Paris in Love (45 page)

Read Paris in Love Online

Authors: Eloisa James

I have a lot to do. Revisions for an academic article are due back at the end of this month. I have a column due to the Barnes & Noble Review website addressing five novels. I’ve promised my editor the first hundred pages of my “Beauty and the Beast” romance, and told my university that I would finish my academic book by June. So I spent the day working on a novella for which I have no contract, no publisher, and no deadline. Alessandro rolled his eyes.

The Petit Palais is offering an Yves Saint Laurent retrospective, so my cousin Laura and I waited in line to see it. I had no idea that YSL popularized the pantsuit, having decided that women ought to stand shoulder to shoulder with men in the boardroom. Or that said pantsuit (perkily pinstriped and worn with a tie) created such a furor. Apparently a socialite, barred entry to a restaurant in New York City because she was in pants, stripped off the trousers and sauntered in wearing only the jacket.

I am particularly fascinated by the Yves Saint Laurent collections in which he appropriated motifs from art. He created a dress using Mondrian’s boxy color squares, and a Van Gogh “irises” jacket that must have required weeks and weeks of embroidering beads, sequins, and tiny ribbons to re-create the painting. Laura and I agreed that it was exquisite, though we weren’t sure on what occasion one would wear it. “It’s my birthday, and I’m wearing a Van Gogh”?

My favorite part of the Yves Saint Laurent exhibition was a towering wall displaying each and every tuxedo he designed in his long career. He was twenty-two when he presented his first collection, in 1958, and it was interesting to see the fifties evolve to the hipster sixties, shoulder pads swell for the eighties, slinky silk appearing in the nineties. Even better: the wall sign informing us that the tuxedos were meant to be “worn with bear skin.” I always thought fur beat naked flesh.

Alessandro reported today that Florent is much more in love with his colleague Pauline than he ever was with the Italian waitress. “After all, they can talk to each other,” he said. “That’s important, don’t you think?” It’s generally agreed that communication is an essential part of a relationship, yes.

A string of pet shops occupies a couple of blocks along the Seine. Oddly enough, we have visited every shop on two occasions, and haven’t seen a single poodle.
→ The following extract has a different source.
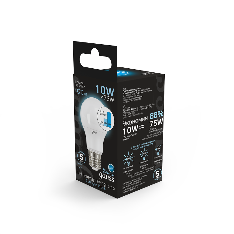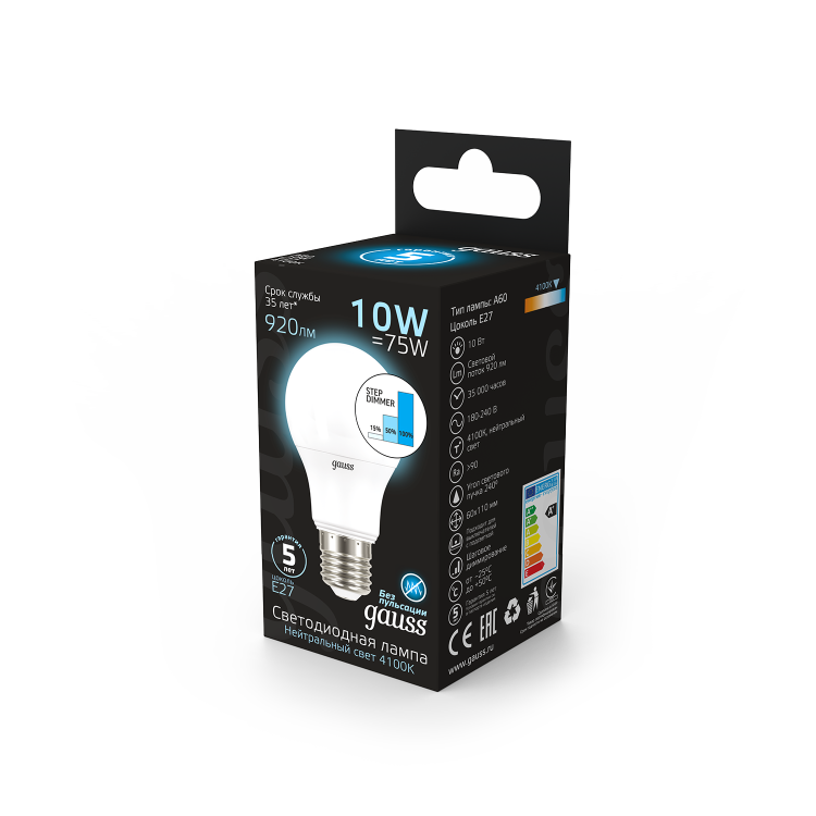 Лампа Gauss A60 поддерживает светорегулирующие устройства. Спокойный дневной свет 4100K в максимальном режиме подойдет для большинства рядовых ситуаций на работе и в быту. Когда это требуется, можно понизить яркость лампы переключением на половину мощности. Если вы не читаете и не работаете, просто хотите расслабиться без избыточного для вас в данный момент освещения, можно снизить яркость до 15%.

As in Italy, chipmunks are popular pets. They look (to me) quite dismal, but perhaps Brazilians seeing
parrots in cages rather than flashing through trees feel the same.

Yesterday Anna burst into tears at bedtime, saying she had no friends, no one laughed at her jokes, and that she was failing school (her report card indicates otherwise). I pulled out a Gryffindor key chain I had been saving for just such an emergency, and she cheered up while telling me why she was definitely a Gryffindor and not a Slytherin.

In the apartment above us, workers are prying up the original 1760s floorboards only to replace the same boards in such a way that they won’t squeak. It was a bad day for us when each board shrieked from its place. But in quieter moments, I hear workmen singing, sometimes Portuguese love songs and sometimes the Muslim call to prayer.

Paris is in bloom! Early this morning I walked down boulevard des Invalides. Flowering trees from the Invalides park were hanging over railings, first one with ruby red buds, and then another with fluffy pale pink blossoms, touched with white, as if sprinkled with icing sugar.

This morning as we entered church, a worthy Frenchman with a huge gray mustache looked meaningfully at Luca’s uncombed and wildly curly hair. Once inside, I realized that no other parent had managed to corral anyone over eight, and I couldn’t help
thinking that the mustachioed gentleman should come over one Sunday early and try to pry a fifteen-year-old out of bed. I have given up elegance in exchange for attendance.

We have friends visiting from Los Angeles, two artists and their six-year-old daughter, Phoebe. Proud that we could boast near-California-like sunshine on Sunday, we wandered about the markets, and Phoebe bought a bag of French guinea pig food to bring home to her classroom pet, Roxie. Showing true Parisian flair, it’s colored like the rainbow. We had a great time at the bird market on Île-de-la-Cité talking to wildly intelligent parrots, until disaster: a box of baby bunnies, tiny bundles of soft fur with sweet floppy ears and pink noses. Phoebe and Anna were both overwhelmed by desire. I explained that, without passports, these bunnies couldn’t become U.S. citizens. Showing an early aptitude for a life of crime, Anna pointed out she could hide one in her pocket. “Or my pants,” she added.